+++ Dataset
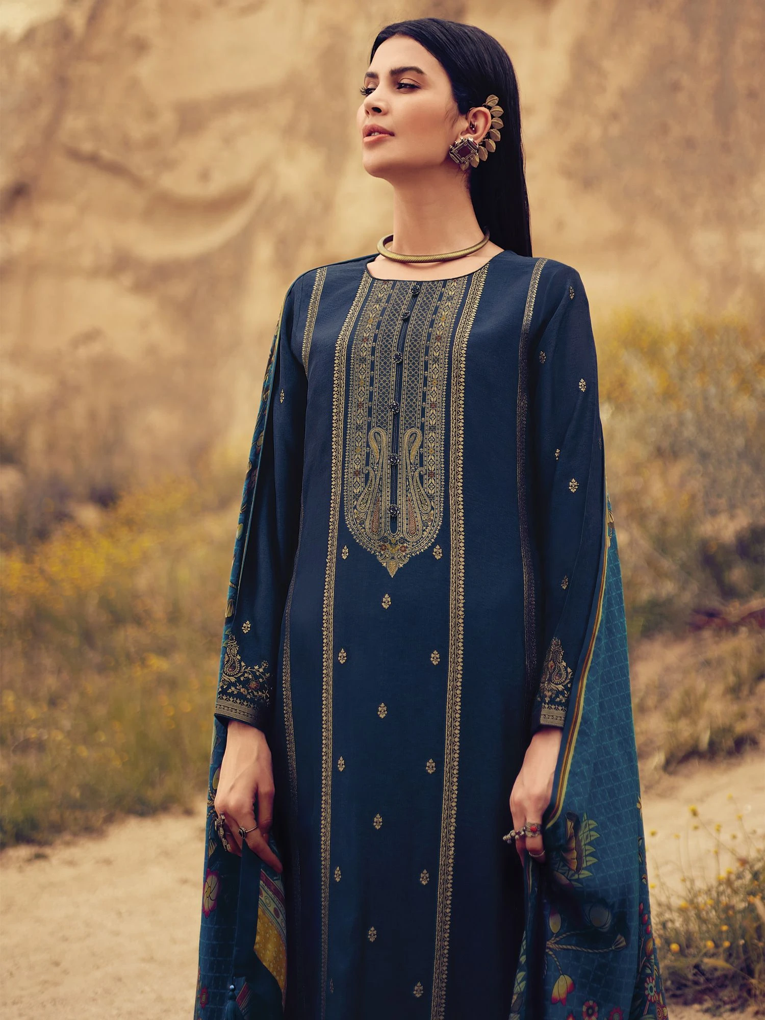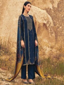 Cherish Your look with this royal blue color straight cut kameez in silk. Augmented using printed and silk woven work. Assigned with a printed dupatta in silk and a palazzo style bottom, both made in blue color. Note: Accessories shown are for styling purpose only. Slight color variation may occur due to photographic reasons. The semi-stitched kameez can be customised upto 42 inches.
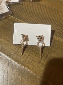 Gold-tone leopard-head Rhinestone studded drop earings$40Chula Vista, CA
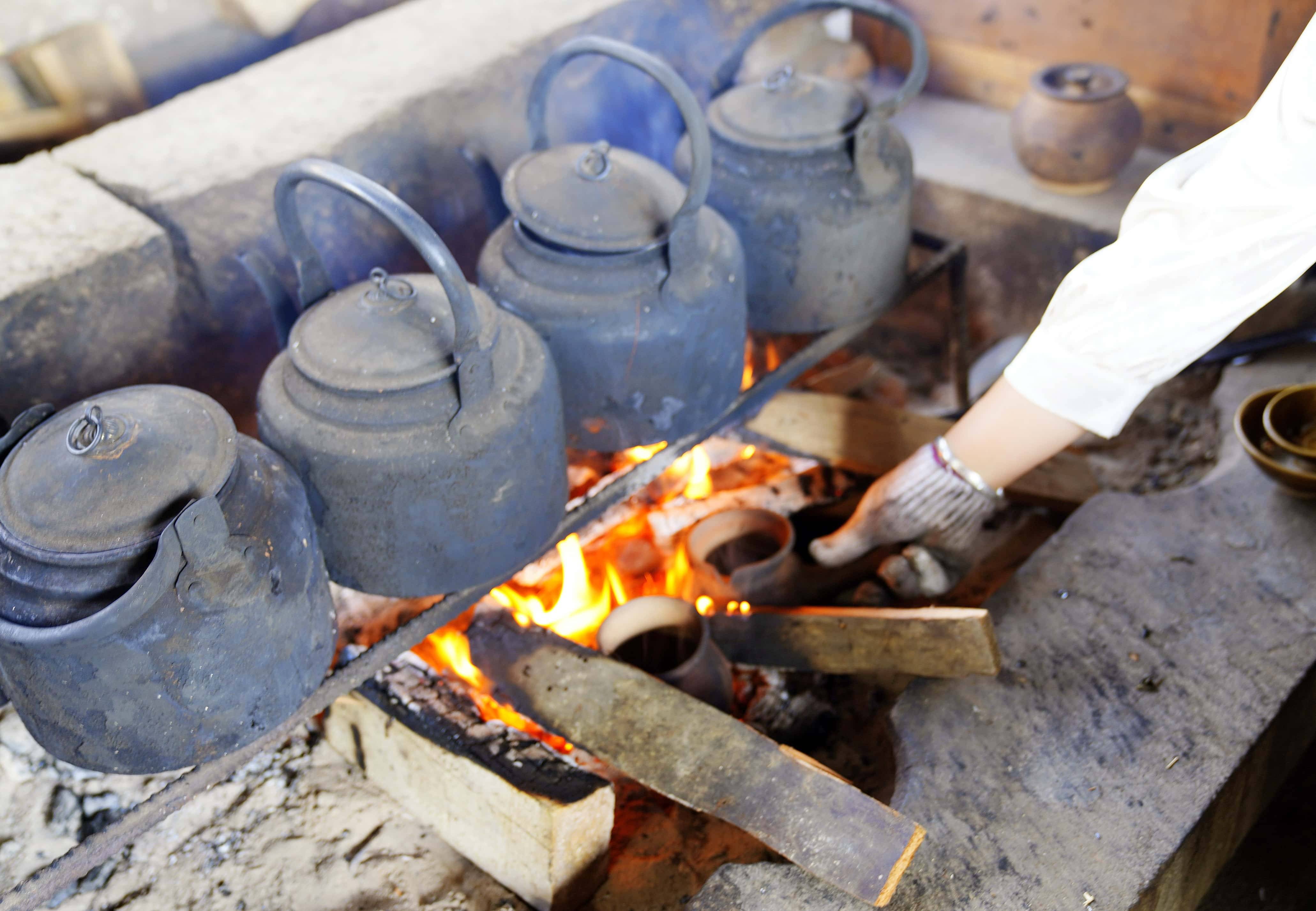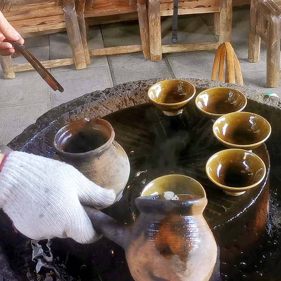 院落里的炭火正旺,制茶师傅已经开始了雷响茶的现场演示。整个过程分为烤茶、冲泡、分茶三步,每一步都藏着古法的智慧。师傅先将装有茶叶和糯米的两个小瓦罐,分别架在炭火上慢慢烘烤,茶叶的焦香与糯米的甜香逐渐弥漫开来。待烤至茶叶微焦、糯米金黄,师傅提起烧开的铁壶,将沸水倒入装茶的瓦罐中——“轰隆”一声巨响,瓦罐内沸水翻腾,水汽喷涌,真如惊雷乍现。紧接着,再将茶水倒入烤糯米的瓦罐,又是一阵雷鸣般的声响,沸水裹挟着茶与糯米的香气,在院落中久久不散。
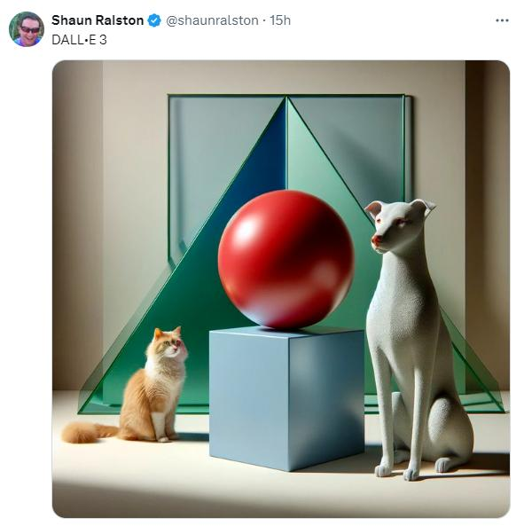 “蓝色立方体上有一个红色球体的照片。后面是一个绿色三角形,右边是一只狗,左边是一只猫”。(Prompt:Photo of a red sphere on top of a blue cube. Behind them is a green triangle, on the right is a dog, on the left is a cat)
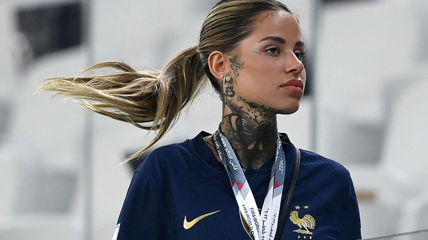 Среди фанаток сборной Франции на чемпионате мира выделяется экстравагантная супруга полузащитника «Трехцветных» Тео Эрнандеса. Невозможно не обратить внимания на многочисленные тату Зое Кристофоле.
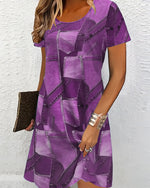 SPECIFIKATIONER Stil: Afslappet Materiale: Bomuldsblanding Kjoletype: Shift-kjole Kjolelængde: Over knæet Halsudskæring: Rund hals Mønstertype: Tryk Ærmetype: Almindeligt ærme Ærmelængde: Kortærmet Detaljer: Lomme,Flænge Pasform: Almindelig Sæson/årstid: Forår,Sommer Lejlighed: Daglig Pakken inkluderer: 1 x Kjole STØRRELSESTABEL (cm) Stø...
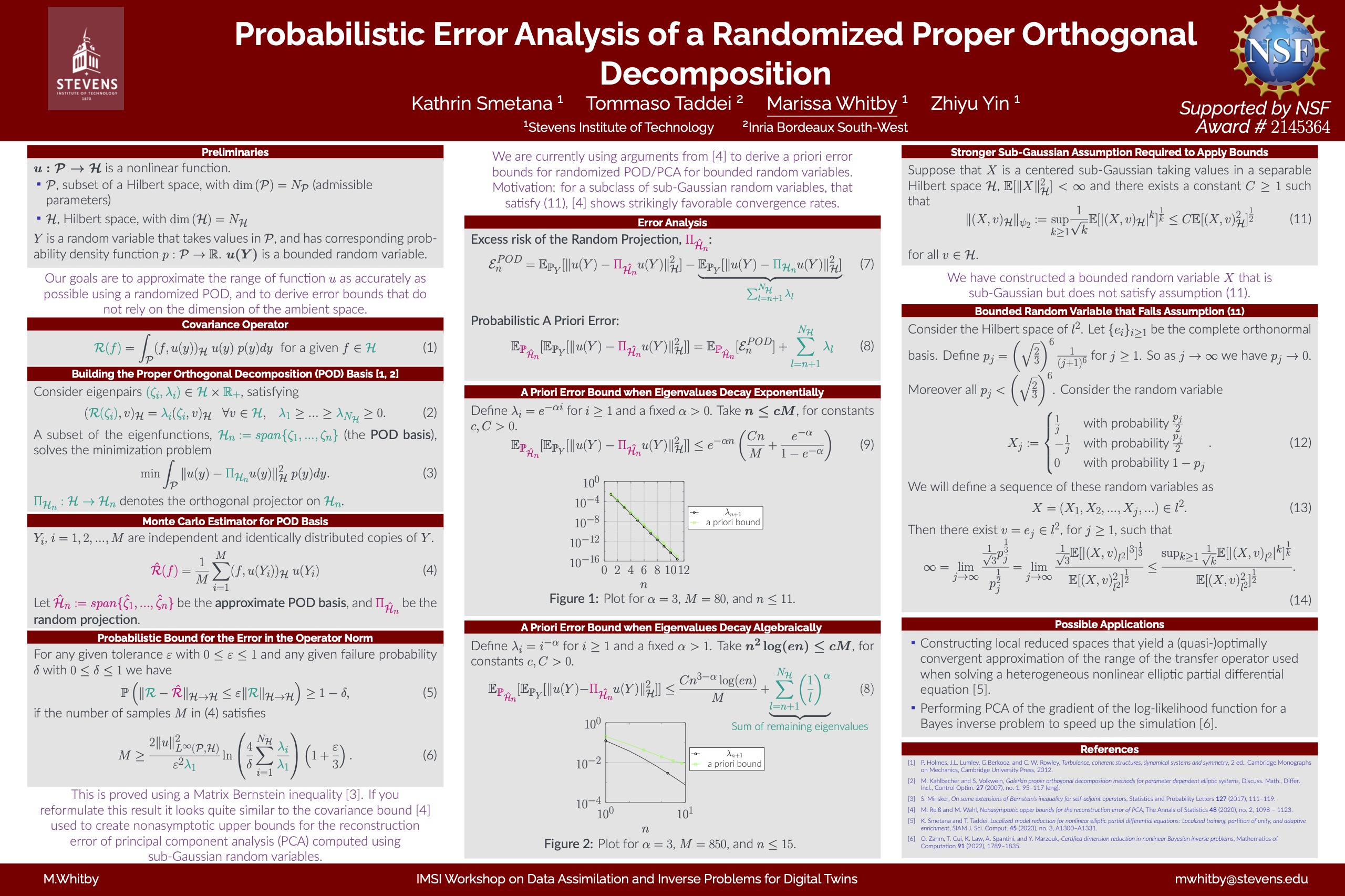 Presenter: Marissa Whitby (Stevens Institute of Technology) Collaborator(s): Kathrin Smetana, Tommaso Taddei, Zhiyu Yin Title: Probabilistic Error Analysis of a Randomized Proper Orthogonal Decomposition
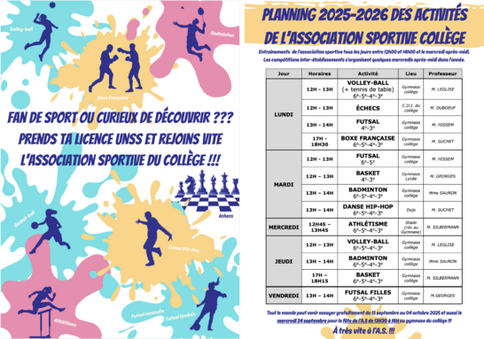 Par Administrateur honoredurfe, publié le lundi 1 septembre 2025 18:22 - Mis à jour le jeudi 4 septembre 2025 19:05Présentation du fonctionnement de l'Association Sportive du collège. -
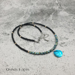 Naszyjnik etniczny z muszlą- onyks i hematyt
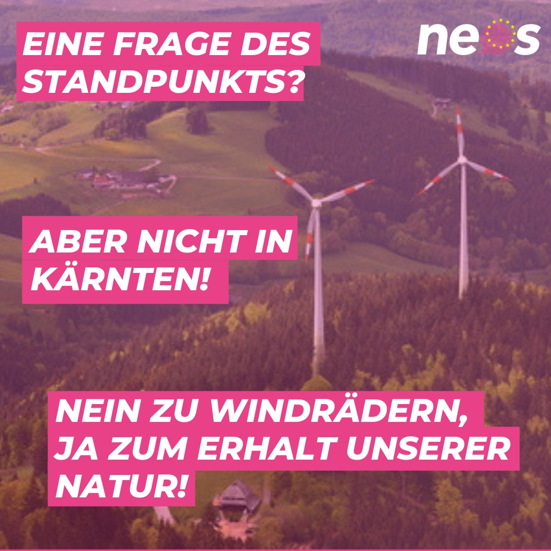 Eine so gravierende Veränderung des Landschaftsbildes ist für NEOS Kärnten nicht akzeptabel. Auch muss man Alternativenergie nicht erzwingen, wenn die Landschaft dafür nicht gemacht ist. Nach dem Vorbild von Südtirol, Vorarlberg und Tirol soll Kärnten auf Windräder verzichten. Diese Bundesländer haben auch aus touristischen Gründen den Windrädern ein klares „Nein“ gegeben.
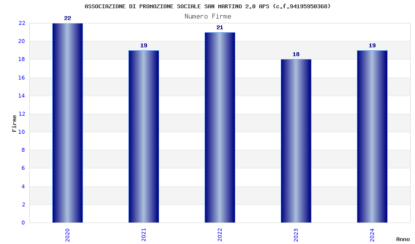 | Anno | Firme | Importi | Media | Naz. | Reg. | Prov. | Comu. |
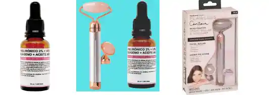 * Masajeador Flawless: El rodillo facial está diseñado para ayudar a estimular la circulación, promover la producción de colágeno y ayudar a reducir la aparición de líneas finas y arrugas. También incluye una presión debajo de los ojos que ayuda a reducir los ojos hinchados y las ojeras.* Suero Coctel facial antiedad: compuesto por ácido hialuronico al 2%, aceite de argan, vitamina E y Colágeno, para uso tópico, con efecto hidratante, reafirmante, antiedad y antioxidante
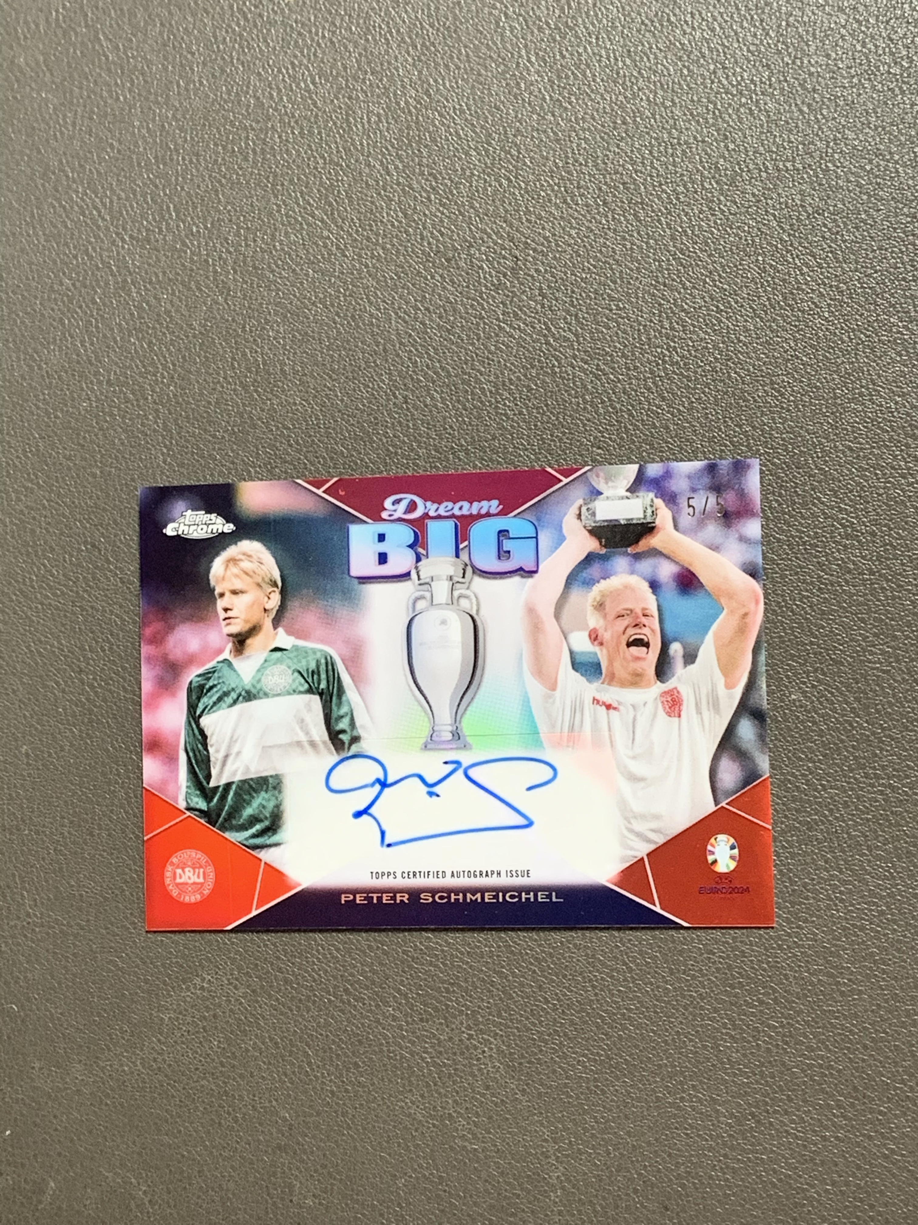 2024 Topps Chrome 欧洲杯 big dream 远大梦想 超大比例 5编 红折 折射 签字 丹麦 舒梅切尔 曼联 传奇门神 5/5 尾编 peter schmeichel
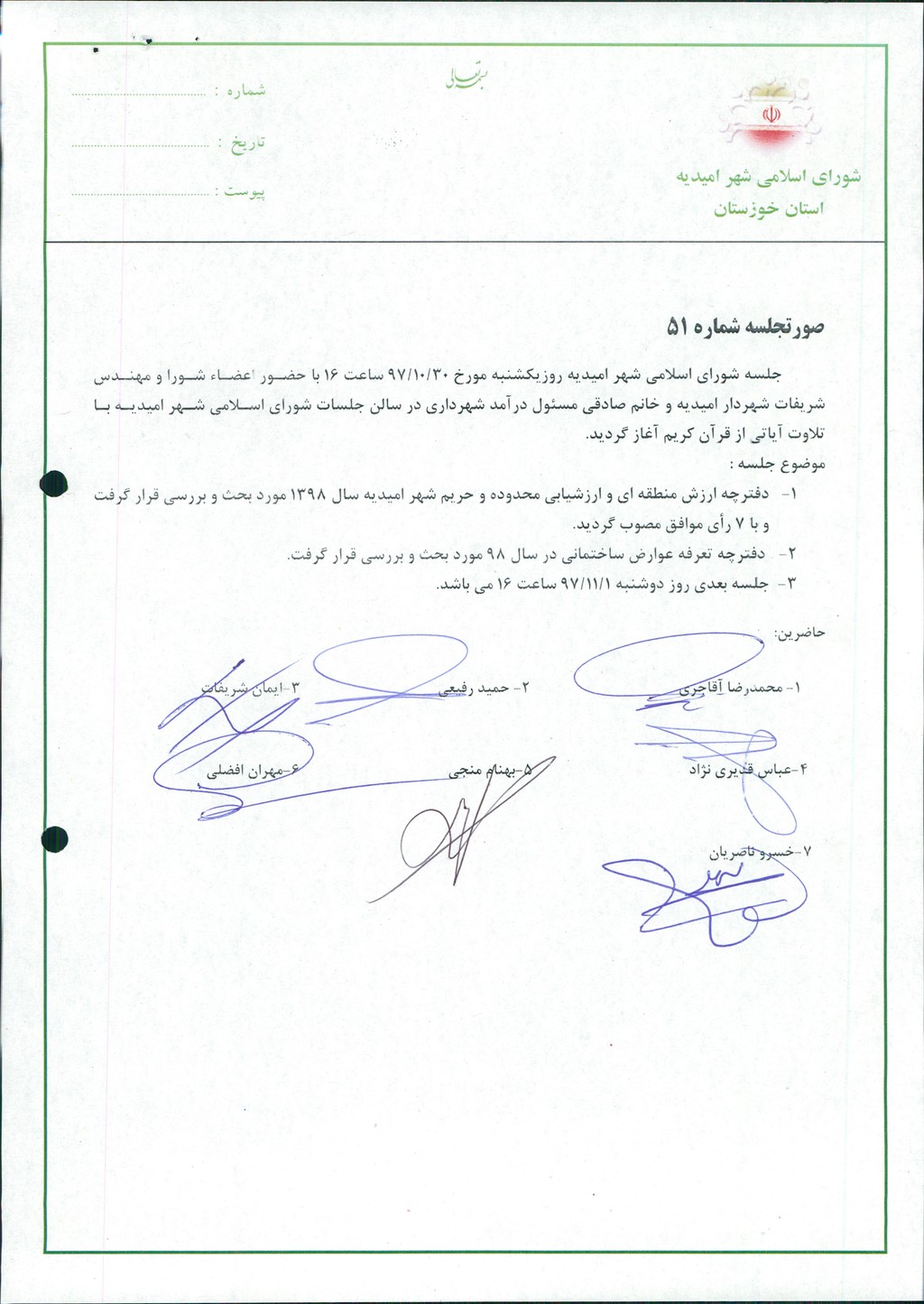جلسه شورای اسلامی شهر امیدیه روزیکشنبه مورخ ۳۰/۱۰/۹۷ ساعت ۱۶ با حضور اعضاء شورا و مهندس شریفات شهردار امیدیه و خانم صادقی مسئول درآمد شهرداری در سالن جلسات شورای اسلامی شهر امیدیه با تلاوت آیاتی از قرآن کریم آغاز گردید.
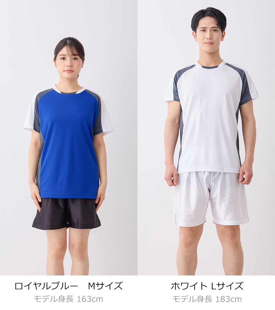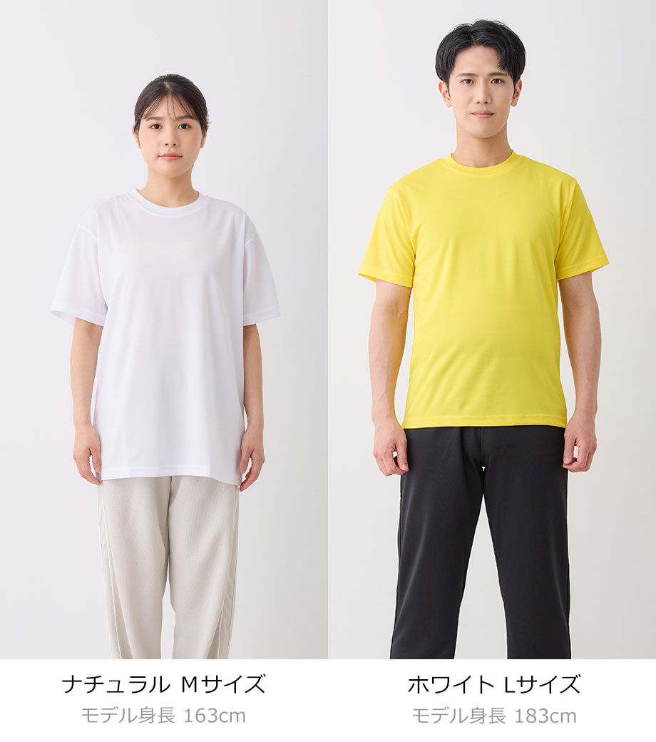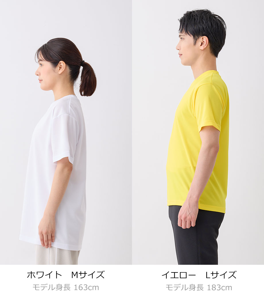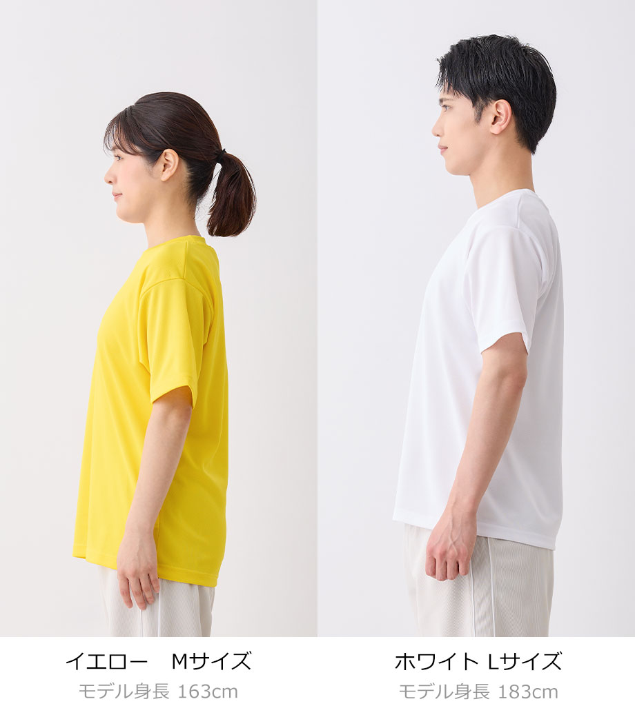 吸汗速乾性のあるポリエステル素材を使用した、ベーシックな半袖Tシャツです。表面はなめらかなスムース生地でシワになりにくく、裏地はメッシュ仕様でサラッとした着心地を実現。襟はフライス生地で型崩れしにくく、着脱もスムーズです。
++++++
_What to produce:_ Transcribe the full listing above exactly, with the images removed.

_Solution to this exercise:_
 Cherish Your look with this royal blue color straight cut kameez in silk. Augmented using printed and silk woven work. Assigned with a printed dupatta in silk and a palazzo style bottom, both made in blue color. Note: Accessories shown are for styling purpose only. Slight color variation may occur due to photographic reasons. The semi-stitched kameez can be customised upto 42 inches.
 Gold-tone leopard-head Rhinestone studded drop earings$40Chula Vista, CA
 院落里的炭火正旺,制茶师傅已经开始了雷响茶的现场演示。整个过程分为烤茶、冲泡、分茶三步,每一步都藏着古法的智慧。师傅先将装有茶叶和糯米的两个小瓦罐,分别架在炭火上慢慢烘烤,茶叶的焦香与糯米的甜香逐渐弥漫开来。待烤至茶叶微焦、糯米金黄,师傅提起烧开的铁壶,将沸水倒入装茶的瓦罐中——“轰隆”一声巨响,瓦罐内沸水翻腾,水汽喷涌,真如惊雷乍现。紧接着,再将茶水倒入烤糯米的瓦罐,又是一阵雷鸣般的声响,沸水裹挟着茶与糯米的香气,在院落中久久不散。
 “蓝色立方体上有一个红色球体的照片。后面是一个绿色三角形,右边是一只狗,左边是一只猫”。(Prompt:Photo of a red sphere on top of a blue cube. Behind them is a green triangle, on the right is a dog, on the left is a cat)
 Среди фанаток сборной Франции на чемпионате мира выделяется экстравагантная супруга полузащитника «Трехцветных» Тео Эрнандеса. Невозможно не обратить внимания на многочисленные тату Зое Кристофоле.
 SPECIFIKATIONER Stil: Afslappet Materiale: Bomuldsblanding Kjoletype: Shift-kjole Kjolelængde: Over knæet Halsudskæring: Rund hals Mønstertype: Tryk Ærmetype: Almindeligt ærme Ærmelængde: Kortærmet Detaljer: Lomme,Flænge Pasform: Almindelig Sæson/årstid: Forår,Sommer Lejlighed: Daglig Pakken inkluderer: 1 x Kjole STØRRELSESTABEL (cm) Stø...
 Presenter: Marissa Whitby (Stevens Institute of Technology) Collaborator(s): Kathrin Smetana, Tommaso Taddei, Zhiyu Yin Title: Probabilistic Error Analysis of a Randomized Proper Orthogonal Decomposition
 Par Administrateur honoredurfe, publié le lundi 1 septembre 2025 18:22 - Mis à jour le jeudi 4 septembre 2025 19:05Présentation du fonctionnement de l'Association Sportive du collège. -
 Naszyjnik etniczny z muszlą- onyks i hematyt
 Eine so gravierende Veränderung des Landschaftsbildes ist für NEOS Kärnten nicht akzeptabel. Auch muss man Alternativenergie nicht erzwingen, wenn die Landschaft dafür nicht gemacht ist. Nach dem Vorbild von Südtirol, Vorarlberg und Tirol soll Kärnten auf Windräder verzichten. Diese Bundesländer haben auch aus touristischen Gründen den Windrädern ein klares „Nein“ gegeben.
 | Anno | Firme | Importi | Media | Naz. | Reg. | Prov. | Comu. |
 * Masajeador Flawless: El rodillo facial está diseñado para ayudar a estimular la circulación, promover la producción de colágeno y ayudar a reducir la aparición de líneas finas y arrugas. También incluye una presión debajo de los ojos que ayuda a reducir los ojos hinchados y las ojeras.* Suero Coctel facial antiedad: compuesto por ácido hialuronico al 2%, aceite de argan, vitamina E y Colágeno, para uso tópico, con efecto hidratante, reafirmante, antiedad y antioxidante
 2024 Topps Chrome 欧洲杯 big dream 远大梦想 超大比例 5编 红折 折射 签字 丹麦 舒梅切尔 曼联 传奇门神 5/5 尾编 peter schmeichel
جلسه شورای اسلامی شهر امیدیه روزیکشنبه مورخ ۳۰/۱۰/۹۷ ساعت ۱۶ با حضور اعضاء شورا و مهندس شریفات شهردار امیدیه و خانم صادقی مسئول درآمد شهرداری در سالن جلسات شورای اسلامی شهر امیدیه با تلاوت آیاتی از قرآن کریم آغاز گردید.
 吸汗速乾性のあるポリエステル素材を使用した、ベーシックな半袖Tシャツです。表面はなめらかなスムース生地でシワになりにくく、裏地はメッシュ仕様でサラッとした着心地を実現。襟はフライス生地で型崩れしにくく、着脱もスムーズです。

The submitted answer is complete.